Many Wall Street firms share a similar viewpoint. President Joe Biden’s $2 trillion infrastructure plan, which includes a corporate tax rate increase to 28%, is one of the many reasons for this widely held belief. Biden says he’s willing to negotiate the tax hike to get a deal done.
A continued jobs boom coupled with aggressive fiscal policy should apply upward pressure to yields moving forward.
But what if Biden’s bill doesn’t arrive in a timely manner? Some analysts say it won’t be here until late in the year.
And with a long summer ahead of investors, plenty could go wrong.
Especially in tech if yields spike again.
“It is not unrealistic to think that there are some who are hedging the idea that some modest selling could spiral into something more meaningful in late summer/early fall,” Steve Sosnick, chief strategist at Interactive Brokers, said.
“Until this summer, the infrastructure bill and any associated tax increases are mostly theoretical.
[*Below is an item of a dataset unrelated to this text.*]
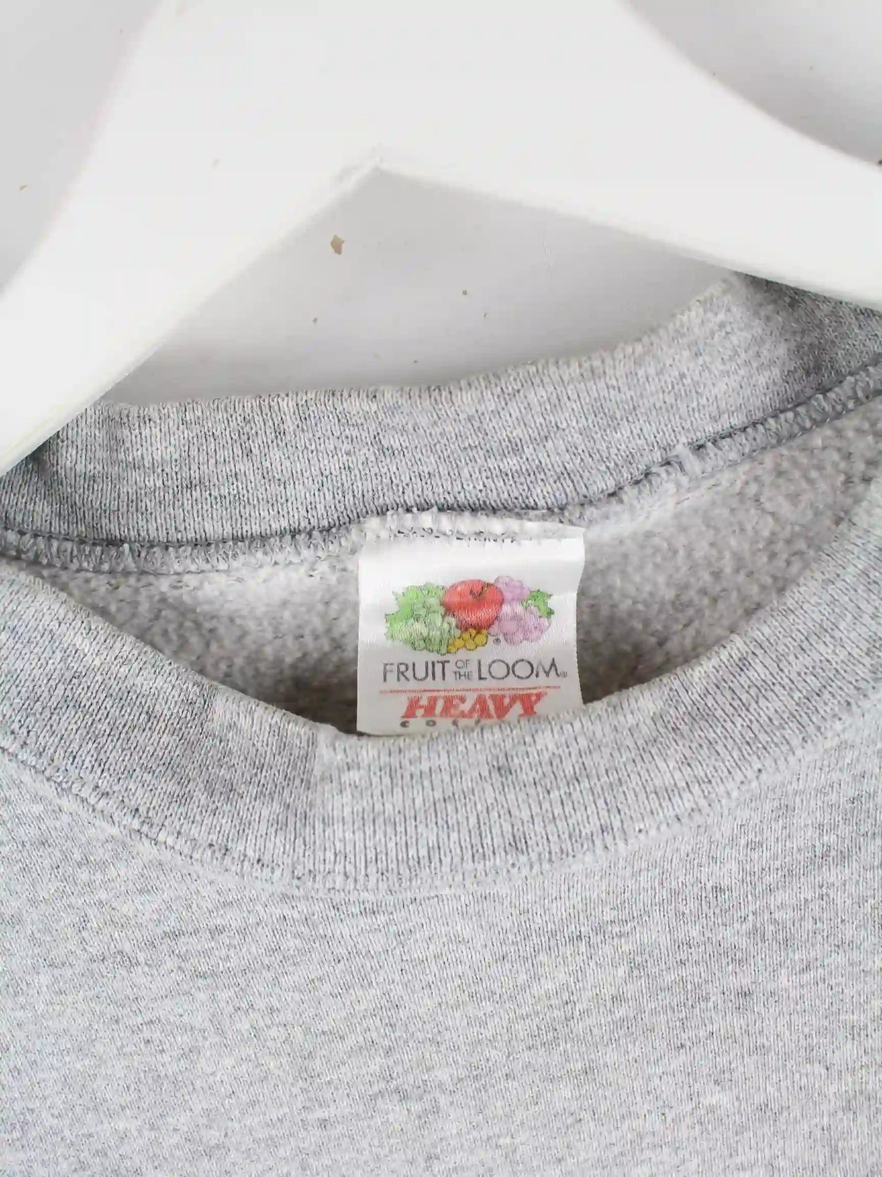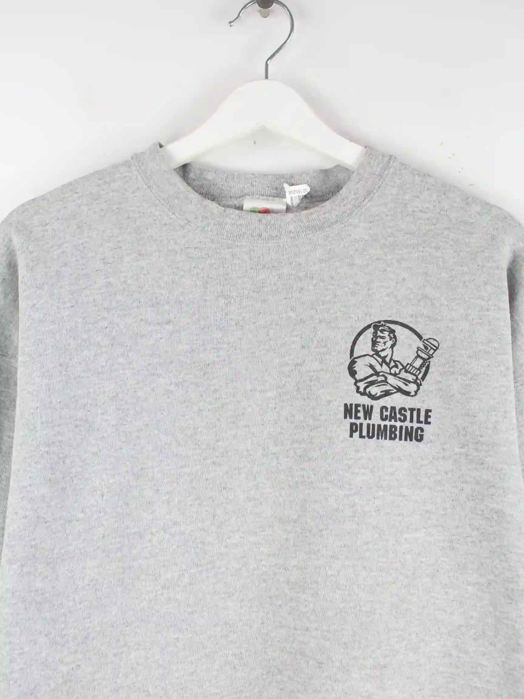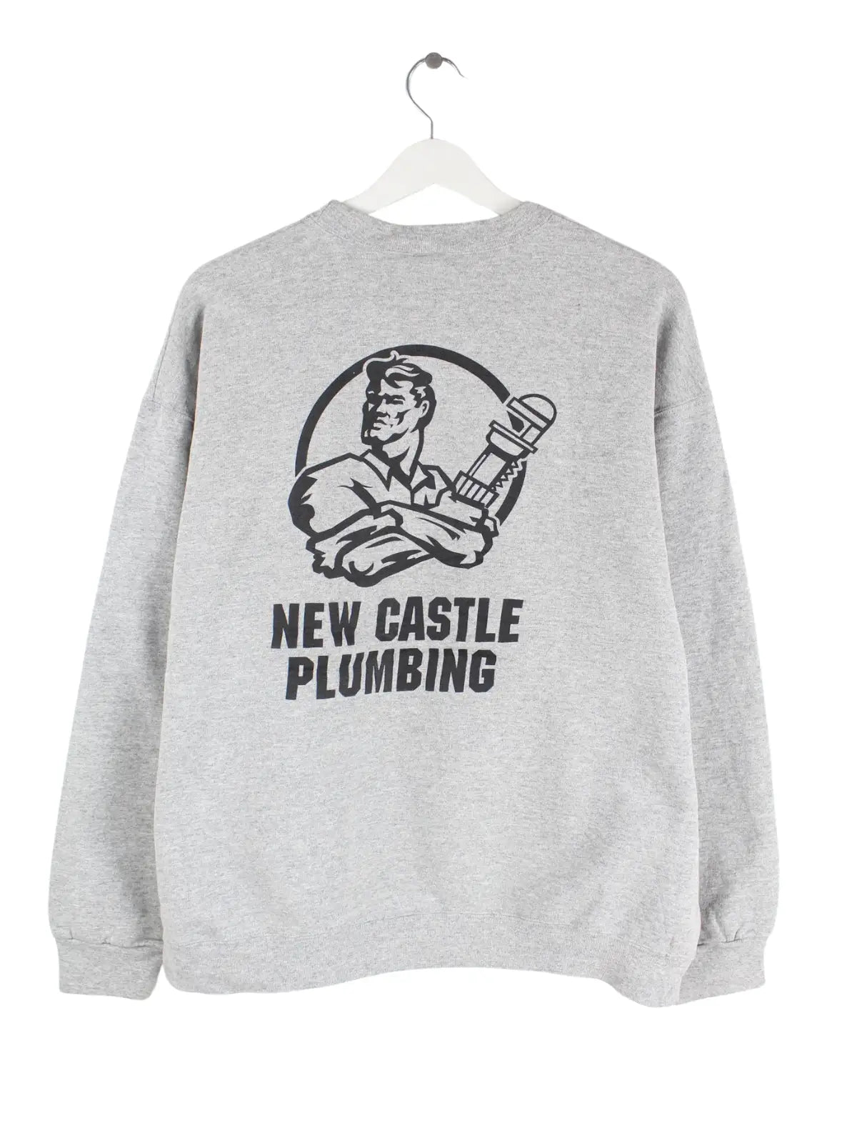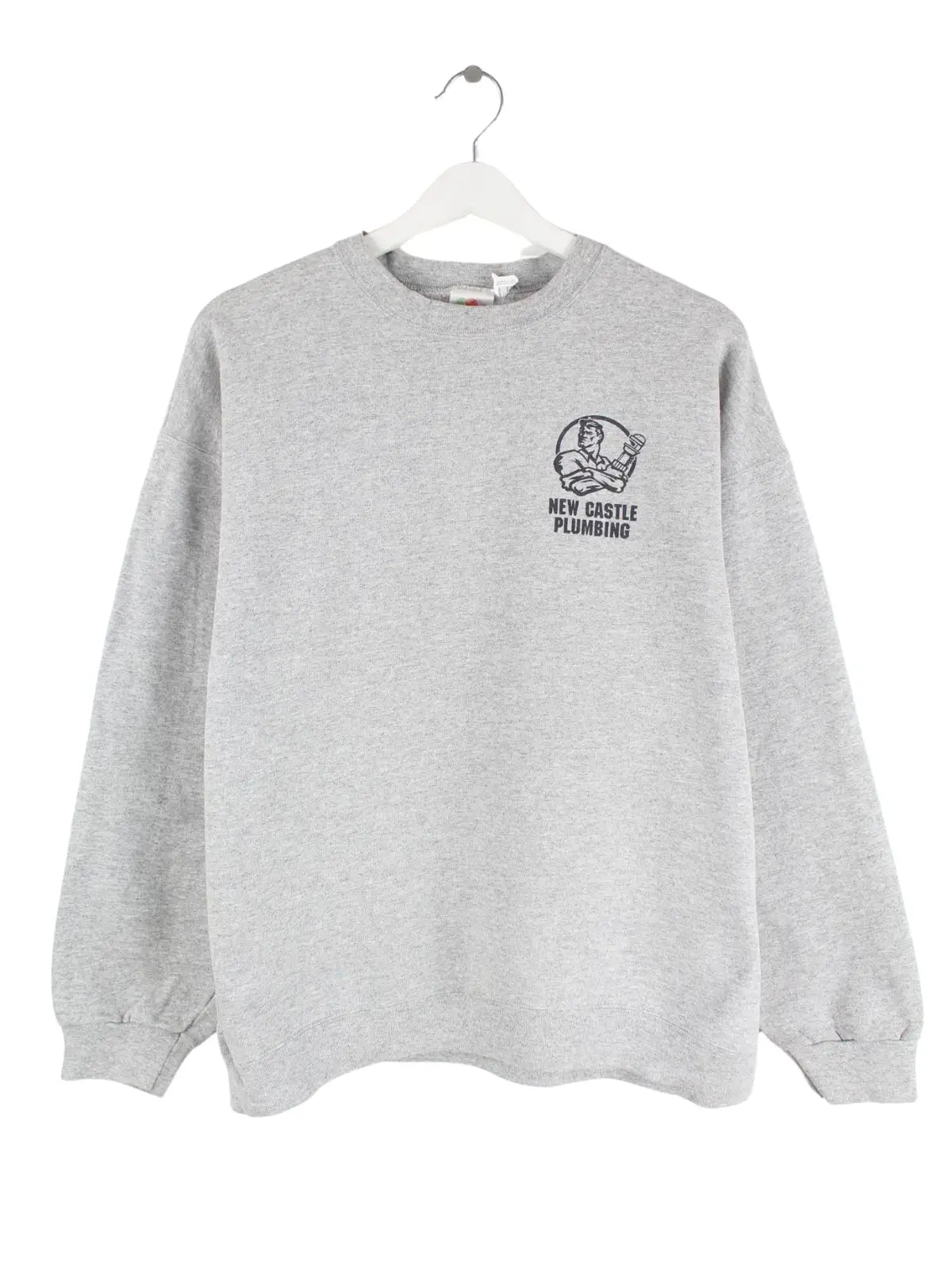Grauer Sweater vom Brand Fruit of the Loom in Größe M. Er ist aus einer Baumwollmischung hergestellt und in sehr gutem Zustand bei uns zu bekommen. Mit chiquem Plumbing Print.

That debate is likely to heat up and become something potentially tangible this summer.”
There’s likely to be plenty of uncertainty as Congress negotiates Biden’s proposal. And, as a result of that uncertainty, both growth and value stocks seem at risk.
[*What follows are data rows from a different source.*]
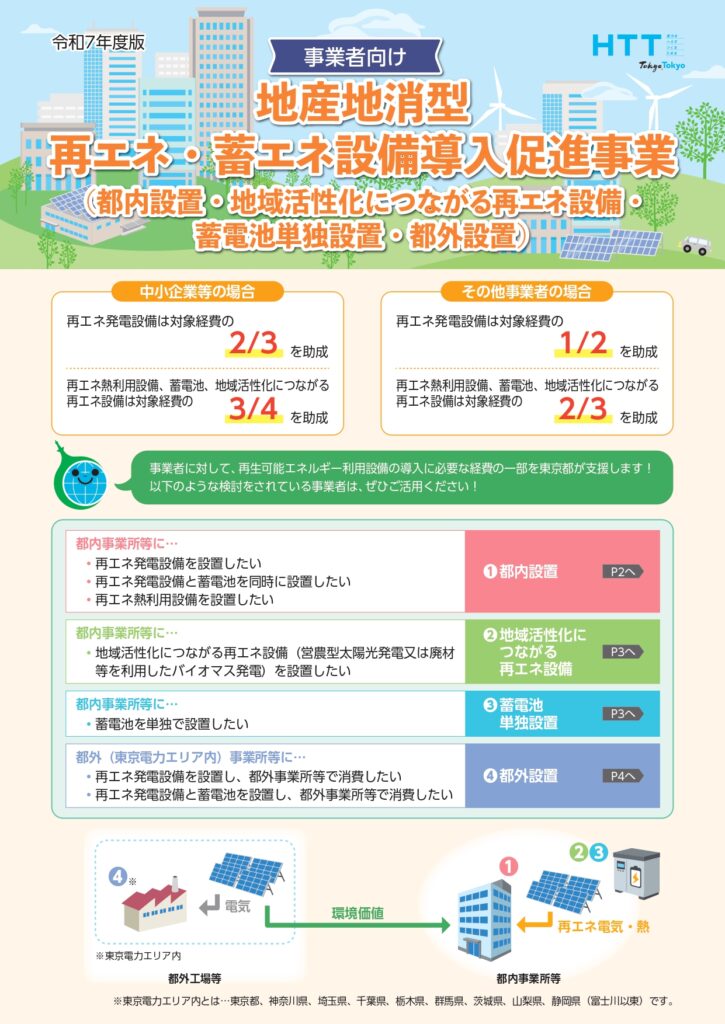 都内に地産地消型再生可能エネルギー発電等設備又は再生可能エネルギー熱利用設備、蓄電池単独設置を設置する事業者に対して、当該設備の設置に係る経費の一部が助成されます。
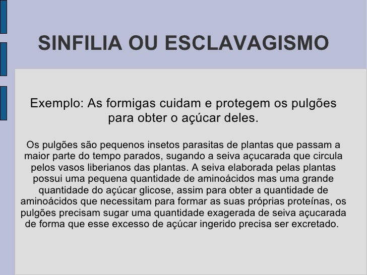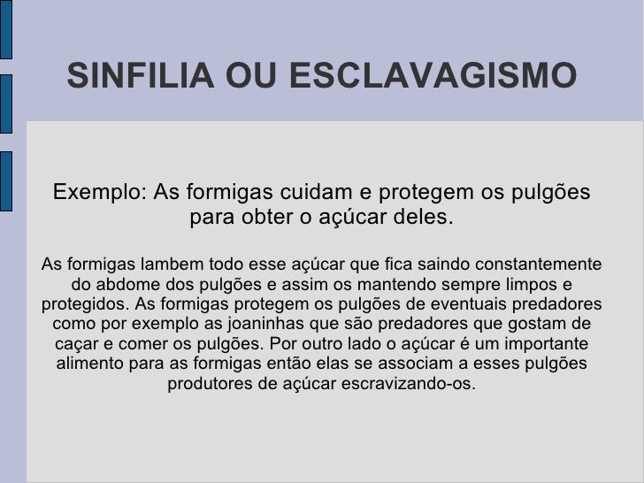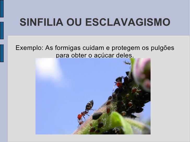 21. 21. SINFILIA OU ESCLAVAGISMO Exemplo: As formigas cuidam e protegem os pulgões para obter o açúcar deles. As formigas lambem todo esse açúcar que fica saindo constantemente do abdome dos pulgões e assim os mantendo sempre limpos e protegidos. As formigas protegem os pulgões de eventuais predadores como por exemplo as joaninhas que são predadores que gostam de caçar e comer os pulgões. Por outro lado o açúcar é um importante alimento para as formigas então elas se associam a esses pulgões produtores de açúcar escravizando-os.
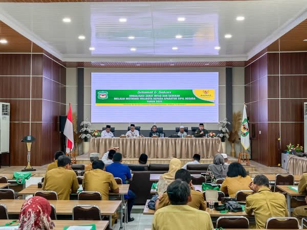 Wali Kota Pematangsiantar Wesly Silalahi SH MKn diwakili Asisten Perekonomian dan Pembangunan Zainal Siahaan SE MM membuka kegiatan Sosialisasi Instruksi Wali Kota tentang Zakat, Infaq, dan Sedekah oleh Badan Amil Zakat Nasional (Baznas) Kota Pematangsiantar di Ruang Serbaguna Pemerintah Kota (Pemko) Pematangsiantar, Selasa (15/07/2025).
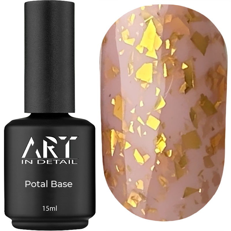 ART Potal Base – це база для гель-лаку , яка успішно виконує функцію основного декоративного покриття та значно прискорює сам процес нейл-дизайну. Особливістю основи з поталлю є унікальна текстура. Поталь є імітацією сусального золота, вона дуже тонка і делікатна. У поєднанні з кольоровою основою баз цей матеріал виглядає дуже красиво.
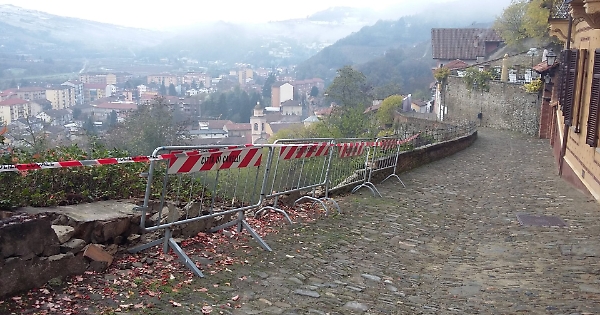 Crolla un pezzo di muro lungo la Sternia, il caratteristico acciottolato che da piazza San Tommaso si arrampica lungo la collina di Villanuova sino al castello Gancia. Le forti piogge delle ultime settimane hanno provocato il parziale cedimento del muretto che sostiene, a valle, il camminamento poco prima dell’ex chiesa di San Rocco.
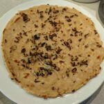 Zwiebeln kleinschneiden/hacken. Den Pfannenkuchenteig wie oben beschrieben in die Pfanne geben und die rohen Zwiebeln oben drauf streuen.
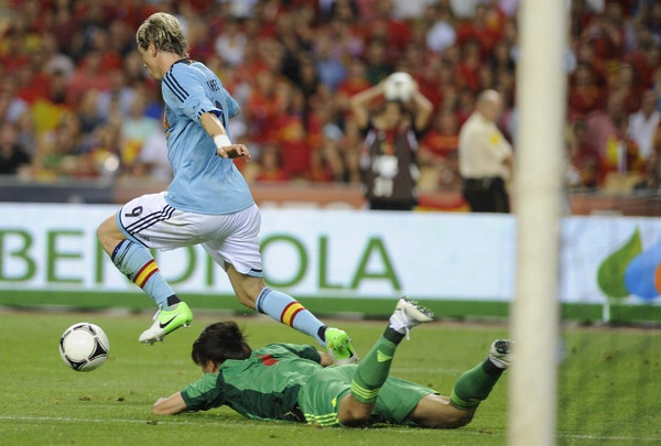 上半時比賽開場,中國隊打得并不保守,開場后于海和張琳芃就在兩側尋找突破機會。第4分鐘,趙旭日大禁區前沿嘗試遠射打偏。2分鐘后,大衛-席爾瓦接阿韋羅亞傳球右肋大禁區前沿左腳低射偏出近角。第7分鐘,鄭智前場逼搶從阿隆索腳下斷球,郜林不調整直塞,鄭智突破了出擊的卡西利亞斯,在禁區左側扣過阿爾比奧爾后起腳可惜打在邊網偏出。第9分鐘,大衛-席爾瓦左路橫傳,內格雷多小禁區邊緣包抄推射被曾誠用身體擋出,趙鵬隨即大腳解圍。
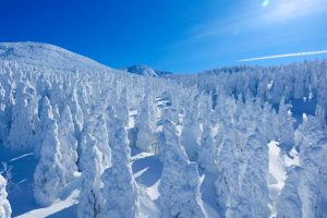 この虚像の正体は樹氷。蔵王の樹氷は、アオモリトドマツという針葉樹が雪と氷に覆われてでできており、2月に最大の大きさになります。ナイトクルーザー号に乗ると、夜のスノーモンスターに出会えます。2メートル以上の怪物の群れが全て同じ方向を向いている光景には、圧倒されます。
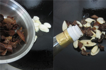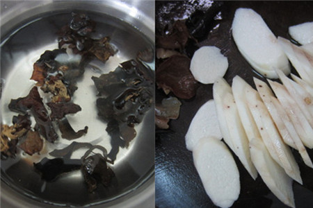 1.将黑木耳提前1个小时浸泡,这样才可以清洗干净。洗干净后的木耳我们用手把它弄成小块,要是觉得这样不好看的也可以切丝。山药去皮切片,不要切太薄,否则炒的时候会碎的。山药切好之后我们先用水泡着,否则会变色,这样后不好看了。

Of course, the Fed’s still intent on keeping things “loosey-goosey” with its bond-buying programs. But even then, that may not be enough to save stocks from an unexpected shift in yields.
With so many signals pushing and pulling on the market, it’s no wonder that the S&P looks a little stuck. Tech may need to keep rising if new S&P highs are to be made.
And if the sector doesn’t climb further, look out for another broad correction as Wall Street declares the value rotation back “on,” only for trends to flip yet again a few weeks later.